Thickness of a pencil measured by a screw gauge (least count $0.001 \ cm$) comes out to be $0.802 \ cm$. The percentage error in the measurement is (in $\%$)

In a vernier callipers,$(N+1)$ divisions of vernier scale coincide with $N$ divisions of main scale. If $1 \text{ MSD}$ represents $0.1 \text{ mm}$,the vernier constant (in $\text{cm}$) is:

The least count of the main scale of a screw gauge is $1\, mm$. The minimum number of divisions on its circular scale required to measure $5\,\mu m$ diameter of a wire is

The least count of a screw gauge is $0.01 \ mm$. If the pitch is increased by $75\%$ and the number of divisions on the circular scale is reduced by $50\%$,the new least count will be . . . . . . $\times 10^{-3} \ mm$.
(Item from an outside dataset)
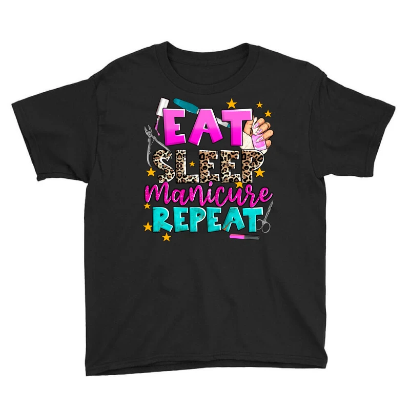 Digital printing is an amazing process that involves your artwork “Eat Sleep Manicure Repeat” being processed by a computer and then printed directly onto the surface of your product. Digital printing is not a heat transfer or applique, as the ink directly adheres to the fabric of your shirt. Each printing process has its strengths, and our artwork team will weigh these when deciding which to use for your art.

$A$ screw gauge of pitch $0.5\,mm$ is used to measure the diameter of a uniform wire of length $6.8\,cm$. The main scale reading is $1.5\,mm$ and the circular scale reading is $7$. The calculated curved surface area of the wire to appropriate significant figures is $......\,cm^2$. [Screw gauge has $50$ divisions on the circular scale]

If in a Vernier callipers $10 \,VSD$ coincides with $8 \,MSD$,then the least count of the Vernier calliper is ............ $m$ [given $1 \,MSD = 1 \,mm$].